■ TASK BRIEF ■
Repeat exactly the lines of the material below that run from the "NEVER MISS AN" line to the "Description: A rendering" line, including both, and do not carry over any pictures.
━━━ DATA PROVIDED
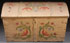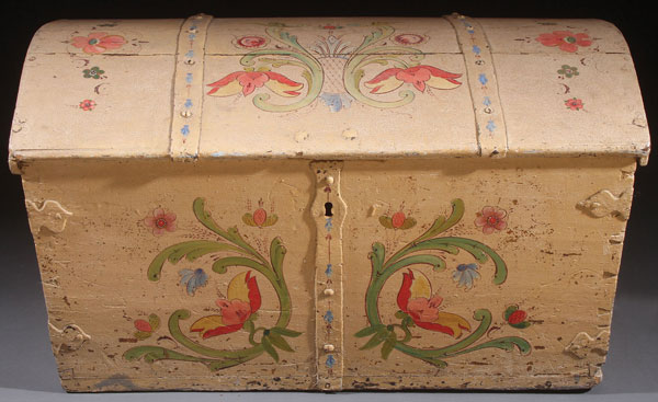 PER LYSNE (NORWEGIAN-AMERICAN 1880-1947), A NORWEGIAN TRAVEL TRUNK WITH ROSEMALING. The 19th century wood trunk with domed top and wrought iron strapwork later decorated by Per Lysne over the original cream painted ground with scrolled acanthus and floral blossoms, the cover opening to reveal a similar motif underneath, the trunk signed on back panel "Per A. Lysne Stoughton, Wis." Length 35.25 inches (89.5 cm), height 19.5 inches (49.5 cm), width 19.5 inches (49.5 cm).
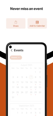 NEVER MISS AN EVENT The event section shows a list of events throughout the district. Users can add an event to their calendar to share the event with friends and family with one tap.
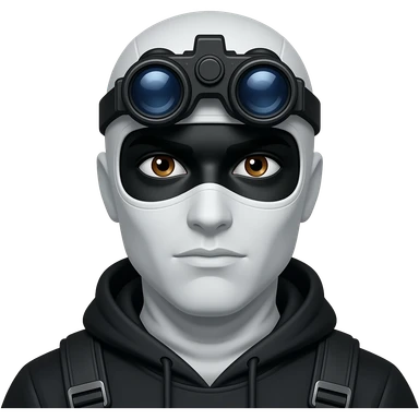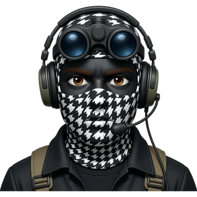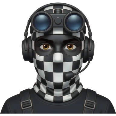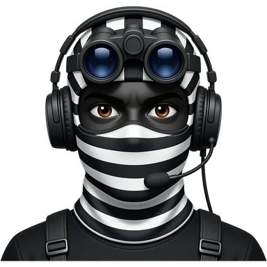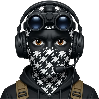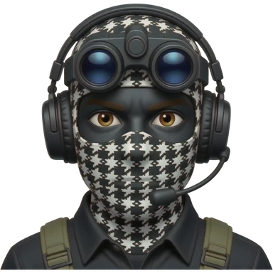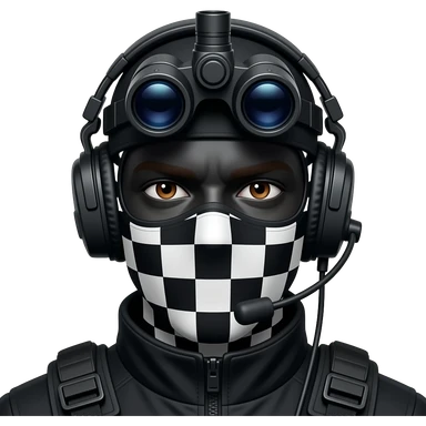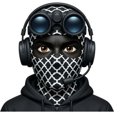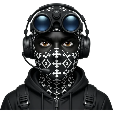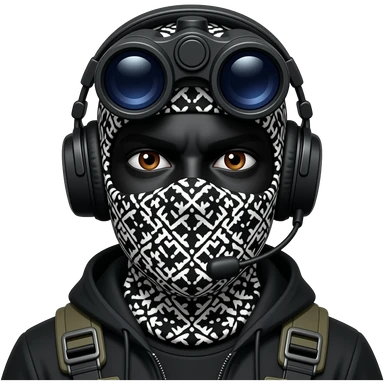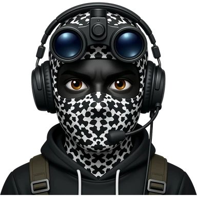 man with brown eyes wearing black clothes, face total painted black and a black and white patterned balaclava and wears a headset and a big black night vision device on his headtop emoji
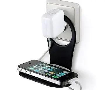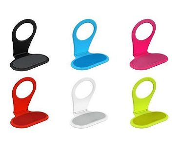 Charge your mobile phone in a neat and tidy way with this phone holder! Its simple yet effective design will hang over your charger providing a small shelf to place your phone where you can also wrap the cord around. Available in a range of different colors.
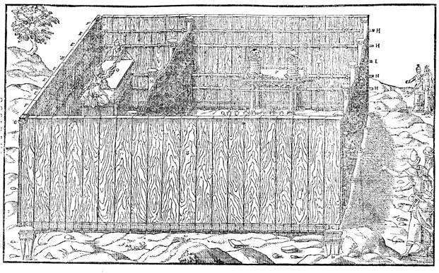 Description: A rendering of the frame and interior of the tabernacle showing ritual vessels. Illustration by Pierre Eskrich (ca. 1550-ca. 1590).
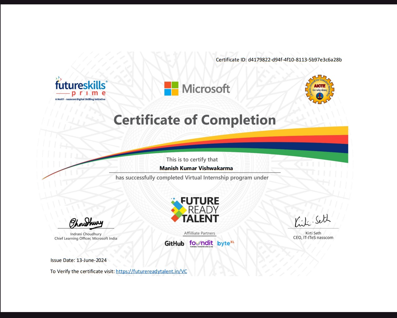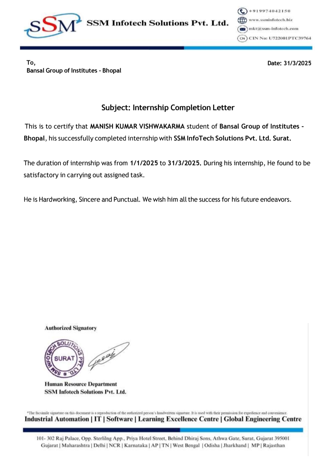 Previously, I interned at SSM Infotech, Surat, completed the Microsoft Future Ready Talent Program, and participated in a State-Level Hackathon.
━━━━━━
━━━ DATA PROVIDED
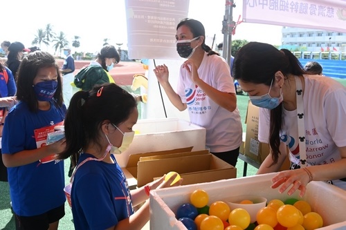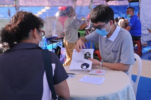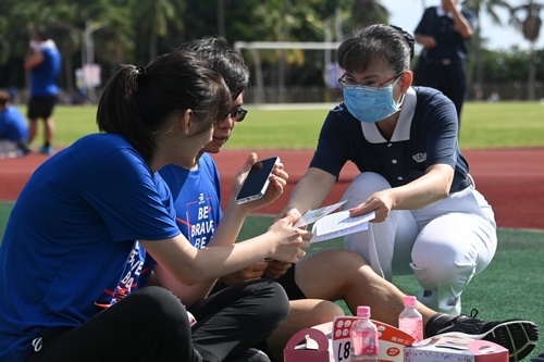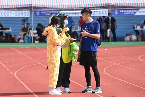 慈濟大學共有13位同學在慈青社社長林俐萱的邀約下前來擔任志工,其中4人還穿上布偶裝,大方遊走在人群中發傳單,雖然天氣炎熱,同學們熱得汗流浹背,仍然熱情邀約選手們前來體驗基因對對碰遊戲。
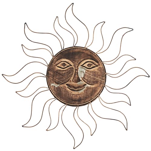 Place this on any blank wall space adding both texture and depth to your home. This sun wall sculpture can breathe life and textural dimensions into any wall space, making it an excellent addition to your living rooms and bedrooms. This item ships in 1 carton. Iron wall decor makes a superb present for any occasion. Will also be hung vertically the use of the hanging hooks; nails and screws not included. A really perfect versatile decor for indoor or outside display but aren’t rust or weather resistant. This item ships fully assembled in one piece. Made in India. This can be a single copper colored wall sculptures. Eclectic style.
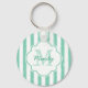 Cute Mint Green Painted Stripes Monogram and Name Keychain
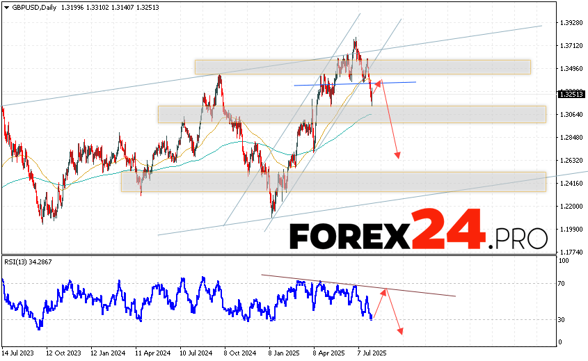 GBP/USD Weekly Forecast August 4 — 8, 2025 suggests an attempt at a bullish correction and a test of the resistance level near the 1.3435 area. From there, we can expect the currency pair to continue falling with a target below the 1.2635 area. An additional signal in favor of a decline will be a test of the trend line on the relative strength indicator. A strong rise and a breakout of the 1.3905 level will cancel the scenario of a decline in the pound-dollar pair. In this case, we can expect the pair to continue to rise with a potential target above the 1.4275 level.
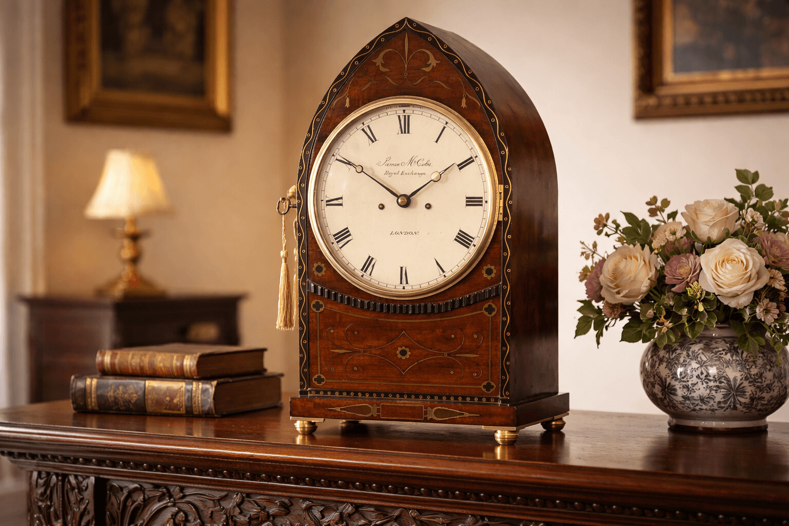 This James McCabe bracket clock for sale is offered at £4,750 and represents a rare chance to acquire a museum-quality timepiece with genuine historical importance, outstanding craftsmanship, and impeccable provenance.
━━━━━━
■ REPLY TO THE TASK ■
 NEVER MISS AN EVENT The event section shows a list of events throughout the district. Users can add an event to their calendar to share the event with friends and family with one tap.
 man with brown eyes wearing black clothes, face total painted black and a black and white patterned balaclava and wears a headset and a big black night vision device on his headtop emoji
 Charge your mobile phone in a neat and tidy way with this phone holder! Its simple yet effective design will hang over your charger providing a small shelf to place your phone where you can also wrap the cord around. Available in a range of different colors.
 Description: A rendering of the frame and interior of the tabernacle showing ritual vessels. Illustration by Pierre Eskrich (ca. 1550-ca. 1590).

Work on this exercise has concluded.